From my perspective, the current Venezuela-U.S. confrontation, especially Washington’s tightened leverage over Venezuelan oil revenue flows and the knock-on effects for Chinese interests, will be read inside BRICS as a reminder that sovereign resources can still be constrained by financial chokepoints and sanctions politics. This does not automatically translate into BRICS taking Venezuela’s side, but it does strengthen the bloc’s long-running argument for more resilient South-South trade settlement, diversified energy chains, and financing instruments that reduce exposure to coercive measures, because many African and other developing economies face similar vulnerabilities around commodities, shipping, insurance, and correspondent banking. At the same time, BRICS’ expansion makes consensus harder: several members maintain significant ties with the U.S., so the most likely impact is a technocratic push rather than a loud political campaign.
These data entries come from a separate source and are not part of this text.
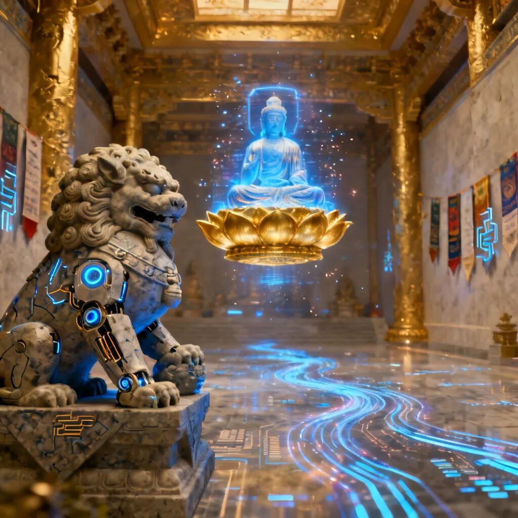 "赛博纹理石狮,守卫数字佛堂,每声咆哮震碎数据病毒"
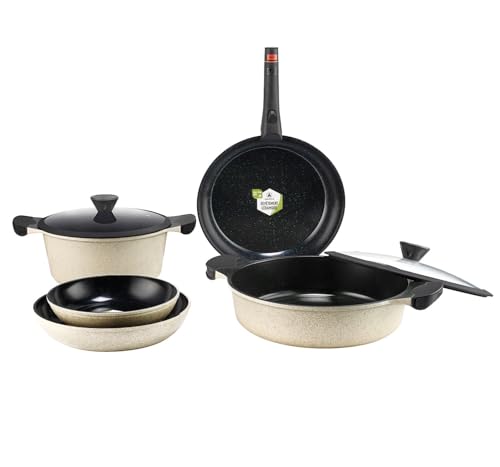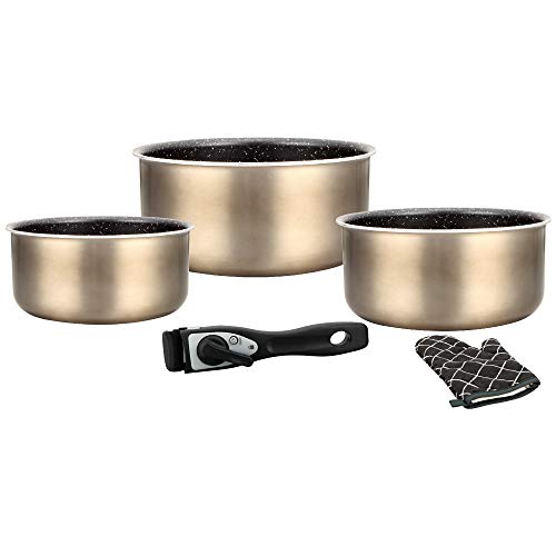 Herzberg - Induktions Kokkärlset 5-Delar - Smidda Aluminium Kastruller och Stekpanna med Marmorbeläggning och Avtagbart Handtag - Koppar
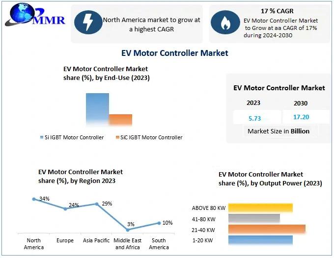 ►Global EV Motor Controller Market Set to Surge to USD 17.20 Billion by 2030, Driven by 17% CAGRThe global Electric Vehicle (EV) Motor Controller market is poised for significant growth, with projections indicating an expansion from USD 5.73 billion in 2023 to approximately USD 17.20 billion by 2030, reflecting a robust Compound Annual Growth Rate (CAGR) of 17% during the forecast period.
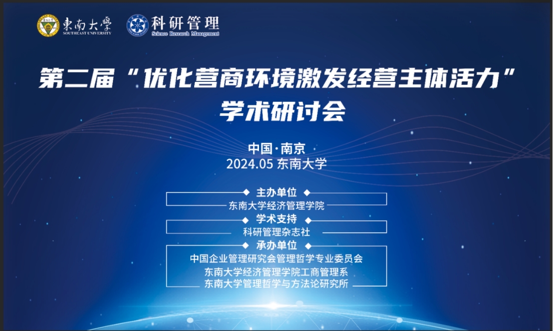 On May 18-19, 2024, the second academic symposium on "Optimizing the Business Environment to Stimulate Market Entities' Vitality" was successfully held at the Jiulonghu Campus of Southeast University, Nanjing. Academically supported by Science Research Management journal and hosted by the School of Economics and Management, the event was co-organized by the Management Philosophy Professional Committee of the Chinese institute of Business Administration, the Department of Business Administration, and the Institute of Management Philosophy and Methodology of Southeast University. The symposium gathered experts, scholars, and graduate students from various esteemed institutions, including the Development Research Center of the State Council, Jiangsu Provincial Committee of the Chinese People's Political Consultative Conference, Science Research Management journal, and renowned universities such as Ocean University of China, University of Chinese Academy of Sciences, Renmin University of China, China Agricultural University, Sun Yat-sen University, Zhejiang University, Xiamen University, Nanjing University, Fudan University, Wuhan University, University of Electronic Science and Technology of China, Northwestern Polytechnical University, Central South University, Northeastern University, Beihang University, Dalian University of Technology, Central University of Finance and Economics, Dongbei University of Finance and Economics, Zhejiang Gongshang University, Hohai University, Nanjing University of Aeronautics and Astronautics, Nanjing Normal University, Nanjing University of Science and Technology, Nanjing University of Finance and Economics, Nanjing University of Posts and Telecommunications, Henan University of Economics and Law, Anhui University of Finance and Economics, Hunan University of Commerce, Inner Mongolia University of Finance and Economics, Yunnan University of Finance and Economics, Shanxi University of Finance and Economics, and Southeast University.
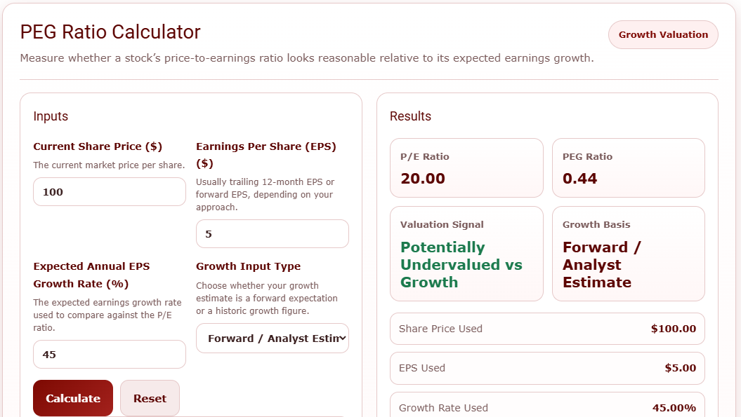 Price/Earnings to Growth (PEG) Ratio Calculator
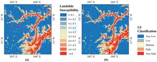 Subsequently, the seven ML results obtained were integrated into the GBDT model and subsequently retrained to generate a map of LS for the study area, as illustrated in Figure 5a. The numerical values represent the likelihood of landslide events, with values tending towards 1 signifying an elevated probability of occurrence. Specifically, areas colored in red denote a high probability of landslides, whereas areas depicted in blue reflect a low probability of such events. This study categorizes susceptibility levels based on the magnitude of the susceptibility results, designating the range of 0–0.2 as very low susceptibility, 0.2–0.4 as low susceptibility, 0.4–0.6 as medium susceptibility, 0.6–0.8 as high susceptibility, and greater than 0.8 as very high susceptibility. The classification of LS is illustrated in Figure 5b.

And highlighting, specifically, the position of BRICS members (South Africa, Ethiopia and Egypt, as well as its partnering African States (Nigeria and Uganda)?
Venezuela crisis urges African members to demand that BRICS deliver usable financial and trade tools. For South Africa, Ethiopia, and Egypt, the Venezuela case is more about the precedent: how quickly external pressure can reshape a country’s fiscal room, debt dynamics, and even investor perceptions when energy revenues and sanctions compliance collide. South Africa will likely argue that BRICS should prioritize investment, industrialization, and trade facilitation. Ethiopia and Egypt, both debt-sensitive and searching for FDI, will be especially attentive to anything that helps de-risk financing, while avoiding steps that could trigger secondary-sanctions anxieties or scare off diversified investors.
Would the latest geopolitical developments ultimately shape the agenda for BRICS 2026 under India’s presidency?
India’s 2026 chairmanship is already framed around “Resilience, Innovation, Cooperation and Sustainability,” and Venezuela’s shock (paired with broader sanction/market-volatility lessons) will likely sharpen the resilience part. From an African perspective, that is an opportunity: South Africa, Ethiopia, and Egypt can press India to translate the theme into deliverables that matter on the ground: food and fertilizer stability, affordable energy access, infrastructure funding. India, in turn, has incentives to keep BRICS focused on economic problem-solving rather than becoming hostage to any single flashpoint. So the Venezuela episode may function as a cautionary case study that accelerates practical cooperation where African members have the most to gain. And I would add: the BRICS agenda will become increasingly Africa-centered simply because Africa’s weight globally is rising, and recent summit discussions have repeatedly highlighted African participation as a core Global South vector. South Africa’s G20 chairmanship last year explicitly framed around putting Africa’s development priorities high on the agenda, further proves this point.